According to another aspect of the invention, there is provided a radar apparatus for measuring a distance to a reflection object. The apparatus transmits a transmission signal by using a laser diode for example and applies a sensitivity time control process to a received signal from the reflection object by using, for example an STC amplifier to provide an STC-processed signal. The radar apparatus includes a controller. The controller obtains a quantity corresponding to the distance from a transmission time of the transmission signal and a detection time of the STC-processed signal; and corrects the quantity considering an error which is caused by an STC distortion and depends on the intensity of the STC-processed reflection signal. The controller corrects the quantity in the above-described manner.
The radar apparatus may detect a pulse width of the STC-processed signal through a comparison with a reference voltage by using a comparator and a time measuring circuit for example. The detected pulse width is used as the intensity of the STC-processed signal in correcting the quantity and the corrected quantity.

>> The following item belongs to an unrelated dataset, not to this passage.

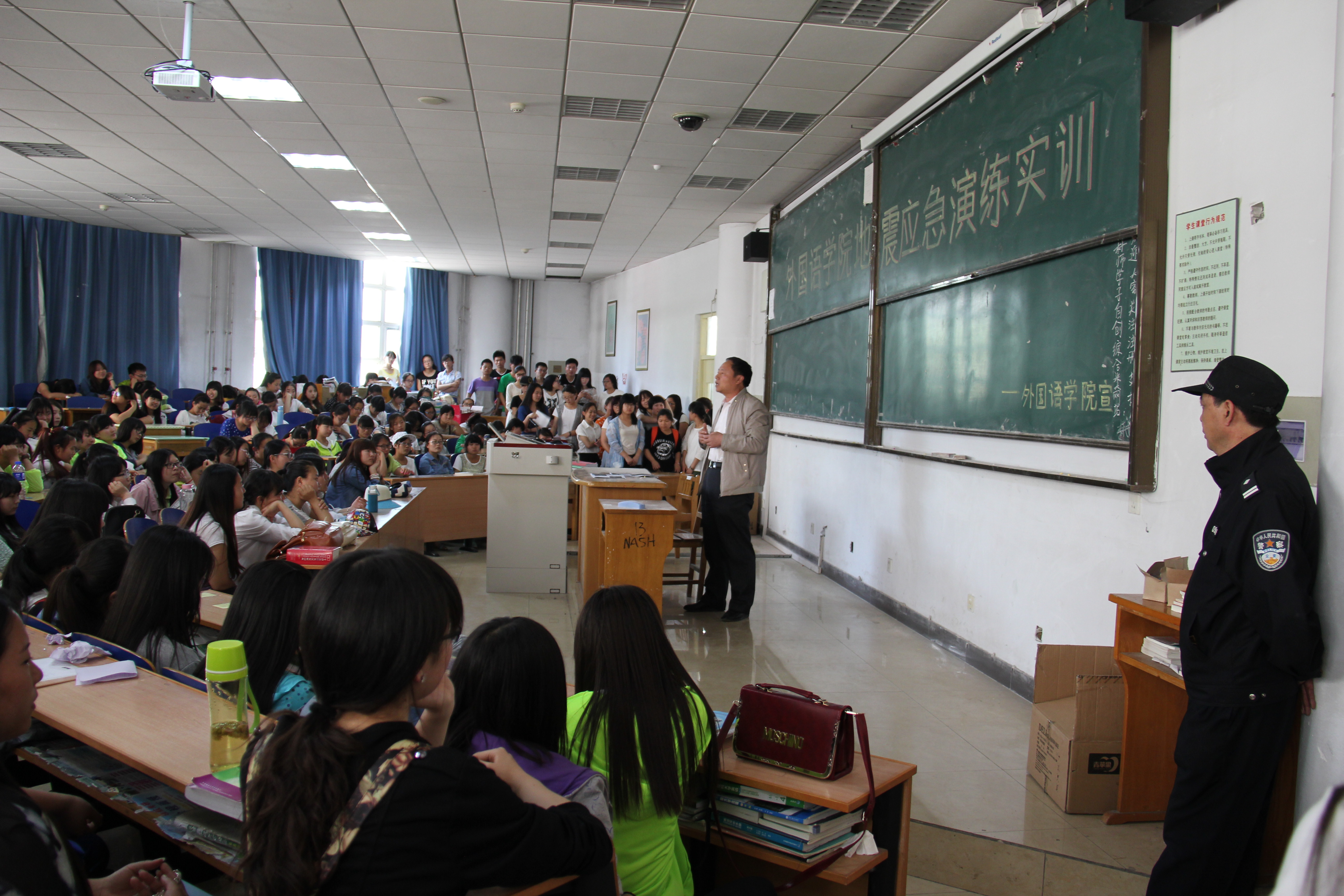 为落实学校《星级“平安校园”建设工作实施方案》,响应学校和保卫处关于开展地震应急演练活动的通知要求,BEAT365英国官网于5月21日中午集中进行地震应急演练和紧急疏散演习。活动邀请到保卫处副处长张明权老师和张明前科长对地震应急和紧急疏散的知识和技术要领进行培训。张明权老师首先详细讲解了学生处于教室、宿舍和公共场所时,如何观察周围环境,寻找避震场所和逃生通道。同时,对学生们进行自救和互救环节的要点进行了指导。之后,BEAT365英国官网地震应急演练正式开始。组织教师发出“发生地震了”的指令后,告知学生“地震了,不要慌,快避震”,要求学生保持镇静,头脑清醒,就近躲在安全的位置,并及时打开教室两侧通道。在短暂的避震后,组织老师指挥学生,分三个方向有序通过教学楼门口疏散逃生到楼外空旷的广场。最后,参加演练的班级清点人数后,宣布地震紧急演练结束。本次地震应急演练和紧急疏散演习不但提高了师生的安全意识,提高了大家安全防范意识和应对突发事件的能力。一名参加演习的学生活动结束后说,通过参加这场演习,让自己应对突发事件时有了一定的心理准备,听从现场指挥,及时寻找安全通道,并在自救的基础上实现互帮互救。

Alternatively, in addition to the time measuring circuit, the radar apparatus may include a first comparator for detecting a wider pulse width of the STC-processed signal by using a lower reference voltage and a second comparator for detecting a narrower pulse width of the STC-processed signal by using a higher reference voltage higher than the lower reference voltage. In the event the narrower pulse width is obtained in addition to the wider pulse width, the controller corrects the quantity by using a first-class first correction value associated with the narrower pulse width to provide the corrected quantity; and corrects the corrected quantity by using a first-class second correction value associated with the corrected quantity and the narrower pulse width of the STC-processed signal. And, in the event only the wider pulse width is obtained, the controller corrects the quantity by using a second-class first correction value associated with the wider pulse width to provide the corrected quantity, and corrects the corrected quantity by using a second-class second correction value associated with the corrected quantity and the wider pulse width of the STC-processed signal.
The middle time of the pulse width of the STC-processed signal may be calculated as the detection time of the STC-processed signal in obtaining a quantity corresponding to the distance.